Accessing data through Iceberg requires two parts:
- Iceberg catalog - for metadata lookup - served by ISK service
- Compatible storage for actual metadata and data file retrieval - served by SSK service (S3 compatible interface)
Learn more about ISK concepts - ISK Service Documentation.
Note: This quick-start is utilizing ISK service on Streambased Cloud.
The example - docker-compose and configuration files are prepared for starting a single (local) instance of Spark and Trino compute engines.
Standard List/Read/Select operations are supported in Spark (SQL and DataFrames) and Trino - note that it is a read-only logical representation of Kafka data so no modifying operations are supported.
- Account on Streambased cloud created and configured with a Kafka cluster. API Key and Secret should be noted down.

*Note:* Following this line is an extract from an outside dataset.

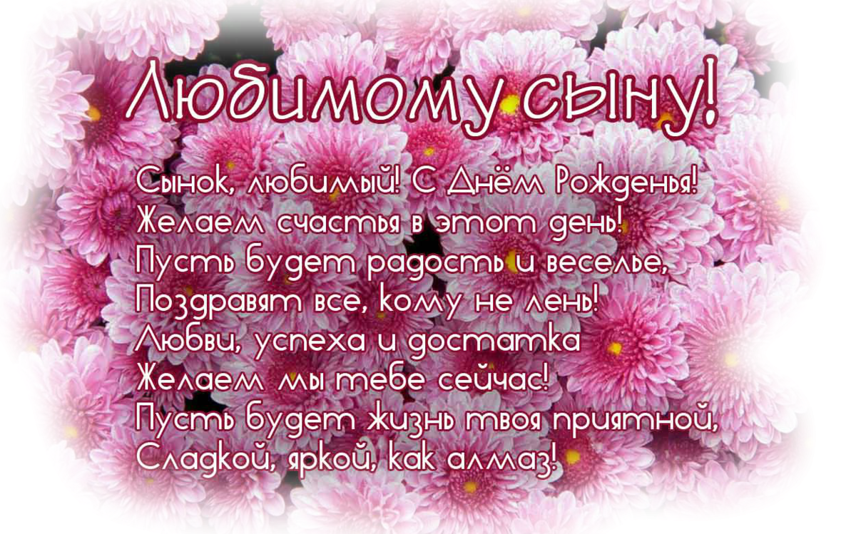 Особенная открытка для самого любимого сына! Эта нежная и трогательная открытка наполнена теплом и благодарностью за то, что ты есть в моей жизни. Каждое слово на этой открытке написано с любовью и заботой, чтобы ты чувствовал всю мою поддержку и гордость за тебя. Ты - уникальный человек, с яркой индивидуальностью и большими мечтами. Я верю в тебя и всегда буду рядом, чтобы поддержать тебя в любых начинаниях. Пусть эта открытка станет твоим символом счастья и вдохновения, напоминанием о том, что ты всегда можешь рассчитывать на меня. С днем рождения, сынок! Искренне люблю тебя!

- Docker & Docker Compose available on the client machine
Irrespective of whether Spark or Trino (or both) is used - following are common preparation steps:
- Populate streambased.env according to your account / ISK / SSK region to use
- ACCESS_KEY= # Set to your account's Streambased API Key
- SECRET_KEY= # Set to your account's Streambased Secret Key
- ISK_ENDPOINT= # Set to Streambased ISK (Iceberg Catalog) regional endpoint to use e.g. https://us-west2-isk-beta.streambased.cloud
- SSK_ENDPOINT= # Set to Streambased SSK (Storage Catalog) regional endpoint to use e.g. https://us-west2-ssk-beta.streambased.cloud
- Start Spark container
docker compose up -d spark-iceberg
- Open Spark SQL CLI
docker compose exec -it spark-iceberg spark-sql
- Set default namespace to
isk
-USE isk;
- List tables (topics) -
SHOW tables;
- Select first 10 results from table(topic) -
SELECT * FROM tablename LIMIT 10;
- replace tablename with a topic that exists - e.g.transactions
in demo cluster.
Spark container starts up Jupyter server with UI on http://localhost:8888/tree/notebooks
- Open Jupyter Web UI
- You can create a new notebook - which will be stored in mapped folder on your machine -
docker_demo/spark/notebooks
- Simple notebook is already included for example of interaction with ISK.

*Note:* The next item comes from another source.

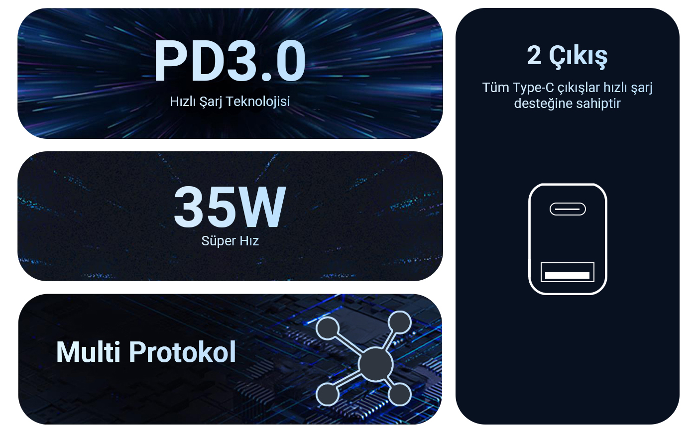 Juo G351C1A 35W GaN USB-C + USB-A çıkışları sayesinde aynı anda birden fazla cihazı hızlı ve güvenli bir şekilde şarj edebilirsiniz. Gelişmiş şarj protokolleri (PPS, PD3.0, QC4.0, AFC, vb.) ile uyumludur ve aşırı akım, sıcaklık, kısa devre gibi koruma protokolleri ile cihazlarınızı güvence altına alır.

In addition working with Java and Spark Dataframes is supported both in Jupyter and Spark-shell (docker exec -it spark-iceberg spark-shell
)
- Start Trino container
docker compose up -d trino
- Start Trino CLI
docker compose exec -it trino trino --server=localhost:9080
- set Catalog and Namespace to use -
USE streambased.isk;
- Show tables (topics) -
SHOW tables;
- Select first 10 results from a table (topic) -
SELECT * FROM tablename LIMIT 10;
- replace tablename with a topic that exists - e.g.transactions
in demo cluster.